Well, it’s safe to say that was just about what everyone was expecting with the first practice session of the 2013 season getting underway with five-car crash not even ten minutes into the session.
It’s not uncommon to see crashes in practice at the restrictor plate tracks of Daytona and Talladega, and it’s somewhat more common to see them occur in practice sessions for the Sprint Unlimited (formerly known as the Budweiser Shootout).
That’s especially the case this season with NASCAR rolling out the new Generation Six race car for the teams and drivers to adapt to before the green flag drops on Saturday night for the “kickoff” to the NASCAR season. While they had a chance to test the new cars out last month at Daytona in Pre-Season Thunder, a 12-car crash quickly put an end to pack drafting.
With that happening, it made Friday evening’s practice sessions that much more important so that teams and drivers could learn how the car would react in the draft and how they could improve it come next Sunday’s Daytona 500.
However, when Matt Kenseth in his Toyota cut across the front of Kurt Busch’s Chevrolet, all of that potential learning and anticipation of the glimpse of what we might see was quickly whipped away.
“That didn’t have to do with the racecars — that was 100 percent driver error, my driver error,” said Kenseth who was the trigger of the crash which collected; Busch, Mark Martin, Carl Edwards, and Juan Pablo Montoya.
“I had no idea anybody was there. He (Kurt Busch) had a run at the same time and I came down in front of him and he couldn’t get slowed up from staying off of me.

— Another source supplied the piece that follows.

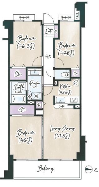 | 専有面積 | 65.13㎡ | バルコニー面積 | 8.7㎡ |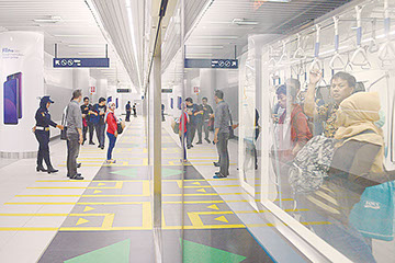 Seorang Pekerja berdiri di garis kuning yang merupakan garis antrean untuk menaiki MRT di Stasiun Bundaran HI, Jakarta, kemarin.

So it was just 100 percent my fault.”
Busch, Edwards and Martin will all go to backup cars for Saturday night’s race while the crews of Kenseth and Montoya will attempt to repair their now mangled racecars.
That only furthers a problem for teams as the body pieces for these new cars have been in short supply, making for limited amounts of race-ready-cars up and down the garage area.
With that in mind, drivers took a much calmer approach to the final practice session, parading around the 2.5-mile Daytona International Speedway in primarily a single-file line for the majority of the session. Mixed in with that was the No.48 of Jimmie Johnson making one of his patented single-car runs, not running the risk of being caught up in someone else’s mess.
In fact, only 12 cars made a lap of record in the final practice session.
So, what does all of that—or lack thereof—mean for Saturday night’s race?
Based on the limited amount of drafting practice, everything is still placed in the unknown category. With so much new that comes with this new car, it’s forcing drivers and teams to unlearn the style of drafting they’ve done over the past seasons which mainly consisted of the dreaded two-car-tandem.
One thing that all drivers appear to be consistent on when it comes to what we’re going to see Saturday night—and more importantly next Sunday’s Daytona 500—is that every lap they make they keep learning. Granted, that’s going to happen at every race track, every time regardless of what type of car they are in, it leads to what we see Saturday night may not necessarily be the type of racing we see come the Daytona 500.
So, in a nutshell, we didn’t learn much and still have a lot of unknowns heading into the biggest event of the NASCAR season.